● **Task directions**
Once you find the line with "To evaluate the" in the listing below, set down exactly every line from it through the line with "一是从收入体量来看,股权财政", but no pictures.

** Opening Records to process block **

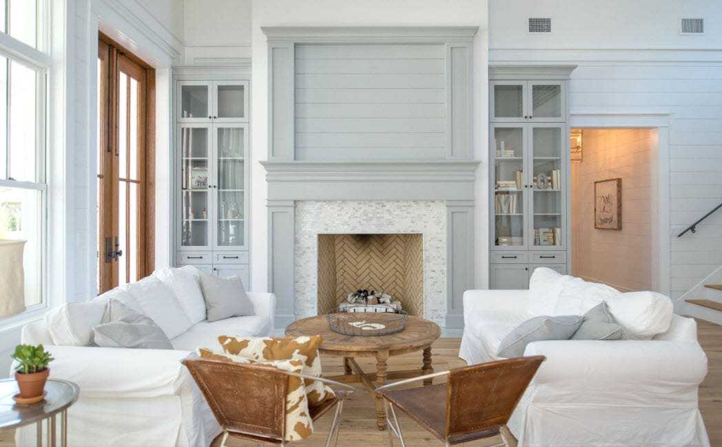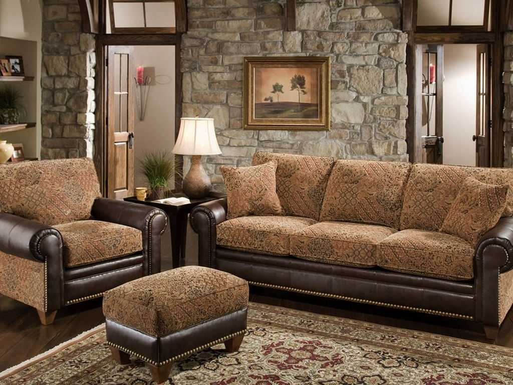 Гостиная этого направления – место для встреч с друзьями и вечерних посиделок. Расслабиться и погрузиться в атмосферу теплого общения поможет светлая отделка кремово-бежевого спектра. Комбинируйте дерево и камень с другими материалами, главное – не переборщить. Деревянный пол – ламинат, паркет или доска. Мебель добротная, прочная, с налетом старины. Не забывайте про декор, дабы оживить пространство – подушки, вазы, цветы, картины. Камин станет центром притяжения в комнате, создавая неповторимый уют и распространяя тепло.
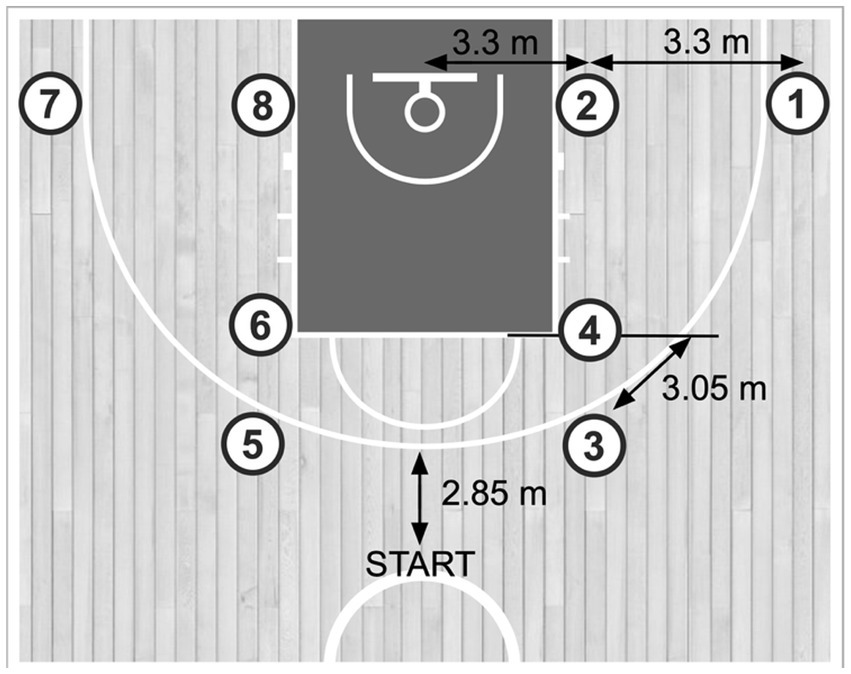 To evaluate the acute effects of DT on shooting performance, a modified version of the SSAT was employed, based on the protocol established by Pojskic et al. (2018). After completing the standardized warm-up, each participant executed two jump shots from six predetermined court locations, resulting in a total of 12 attempts (Figure 1). The shooting sequence began at the right wing, designated as Position 1. The six positions were spaced across three diagonal distances from the basket: 3.90 m (Positions 1 and 4), 5.30 m (Positions 2 and 5), and 6.75 m (Positions 3 and 6). Participants were allowed unlimited time to complete their attempts; however, standardized verbal cues were used to encourage prompt transitions between positions. Two additional players assisted during the test by retrieving rebounds and returning the ball to the shooter. Shooting performance was assessed by recording the total number of successful shots made during the trial. SSAT tallies (made/missed) were recorded on court using standardized forms; assessors were not blinded to allocation, which we mitigate by using an objective binary outcome and fixed test order.
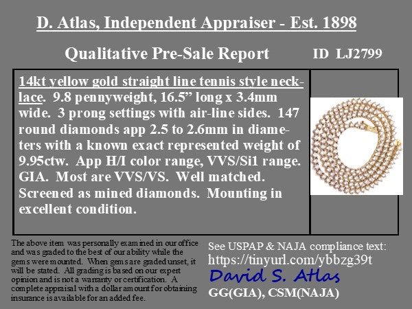 9.95ctw Round Brilliant Cut Diamond Tennis Necklace
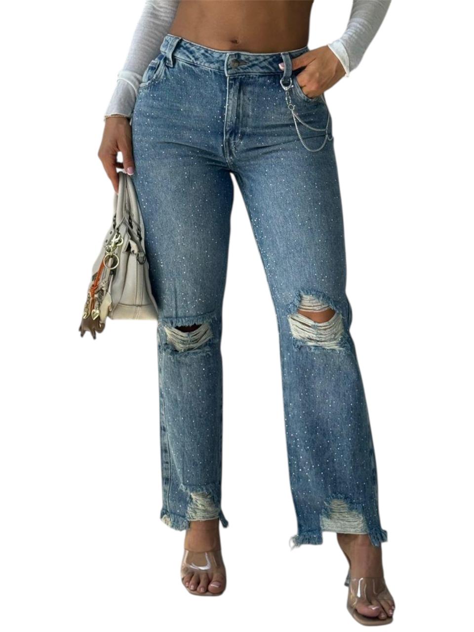JEAN PIEDRAS Pantalón clásico con un toque moderno que combina comodidad y estilo. Confeccionado en denim de calidad, este jean presenta detalles de piedras que le dan un acabado sofisticado y diferenciador. Perfecto para crear looks casuales o semi-formales, se adapta a cualquier ocasión. Su corte versátil y tela resistente garantizan durabilidad y confort durante todo el día. Un básico imprescindible en tu guardarropa que eleva cualquier conjunto.
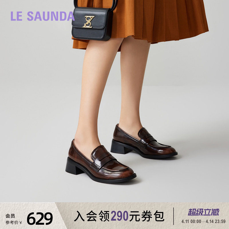 莱尔斯丹莱福家族春夏新款圆头英伦真皮复古中跟乐福女单鞋41901
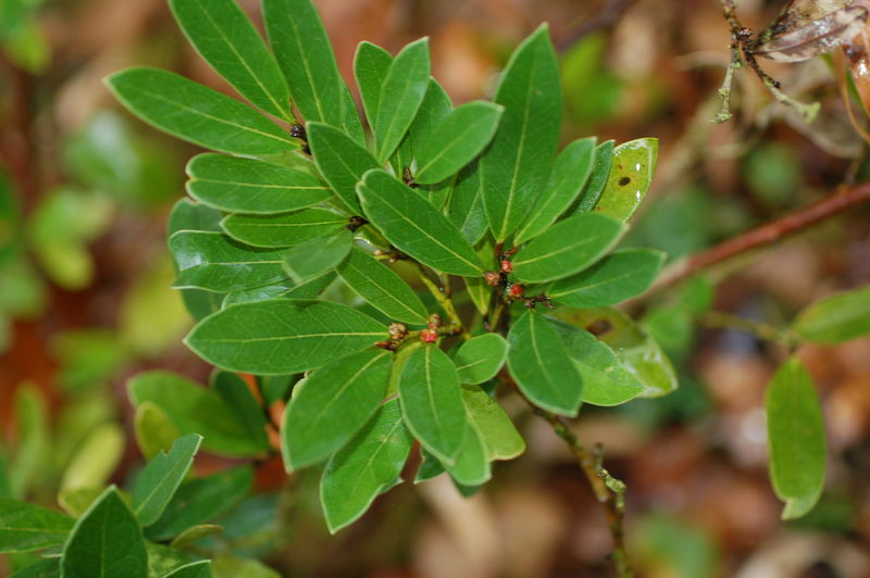 /*Distylium myricoides*/ beginnt mit ihren kl. rötl. Blütenständen zu erblühen
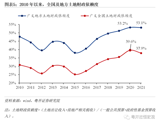 一是从收入体量来看,股权财政与土地财政相差巨大。2022年全国国有土地使用权出让收入66854亿元,即使较上年减少超两万亿元,相当于一般公共预算收入的61.4%;国有资本经营预算收入5689亿元,与土地出让收入体量相去甚远。同时“土地财政”不仅仅指政府性基金预算中的土地出让收入,还包括房地产贡献的相关税收,如开发环节的耕地占用税、城镇土地使用税、土地增值税、企业所得税,交易环节的增值税、契税、印花税以及居民转让环节的增值税和个人所得税等,同时还包括经营性房地产的房产税等。2021年土地财政贡献财税收入占全国财税收入(一般公共预算收入与政府性基金预算收入之和)近四成,达到37.9%,占地方政府的53.1%。
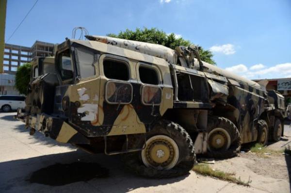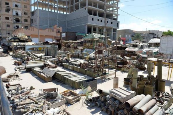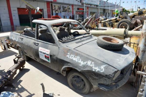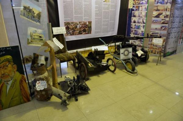Müzeye ait açık alanda, Kaddafi dönemine ait zırhlı araçlar ve ağır silahlar sergileniyor.

** Closing Records to process block **

● **Result for this task**
 To evaluate the acute effects of DT on shooting performance, a modified version of the SSAT was employed, based on the protocol established by Pojskic et al. (2018). After completing the standardized warm-up, each participant executed two jump shots from six predetermined court locations, resulting in a total of 12 attempts (Figure 1). The shooting sequence began at the right wing, designated as Position 1. The six positions were spaced across three diagonal distances from the basket: 3.90 m (Positions 1 and 4), 5.30 m (Positions 2 and 5), and 6.75 m (Positions 3 and 6). Participants were allowed unlimited time to complete their attempts; however, standardized verbal cues were used to encourage prompt transitions between positions. Two additional players assisted during the test by retrieving rebounds and returning the ball to the shooter. Shooting performance was assessed by recording the total number of successful shots made during the trial. SSAT tallies (made/missed) were recorded on court using standardized forms; assessors were not blinded to allocation, which we mitigate by using an objective binary outcome and fixed test order.
 9.95ctw Round Brilliant Cut Diamond Tennis Necklace
JEAN PIEDRAS Pantalón clásico con un toque moderno que combina comodidad y estilo. Confeccionado en denim de calidad, este jean presenta detalles de piedras que le dan un acabado sofisticado y diferenciador. Perfecto para crear looks casuales o semi-formales, se adapta a cualquier ocasión. Su corte versátil y tela resistente garantizan durabilidad y confort durante todo el día. Un básico imprescindible en tu guardarropa que eleva cualquier conjunto.
 莱尔斯丹莱福家族春夏新款圆头英伦真皮复古中跟乐福女单鞋41901
 /*Distylium myricoides*/ beginnt mit ihren kl. rötl. Blütenständen zu erblühen
 一是从收入体量来看,股权财政与土地财政相差巨大。2022年全国国有土地使用权出让收入66854亿元,即使较上年减少超两万亿元,相当于一般公共预算收入的61.4%;国有资本经营预算收入5689亿元,与土地出让收入体量相去甚远。同时“土地财政”不仅仅指政府性基金预算中的土地出让收入,还包括房地产贡献的相关税收,如开发环节的耕地占用税、城镇土地使用税、土地增值税、企业所得税,交易环节的增值税、契税、印花税以及居民转让环节的增值税和个人所得税等,同时还包括经营性房地产的房产税等。2021年土地财政贡献财税收入占全国财税收入(一般公共预算收入与政府性基金预算收入之和)近四成,达到37.9%,占地方政府的53.1%。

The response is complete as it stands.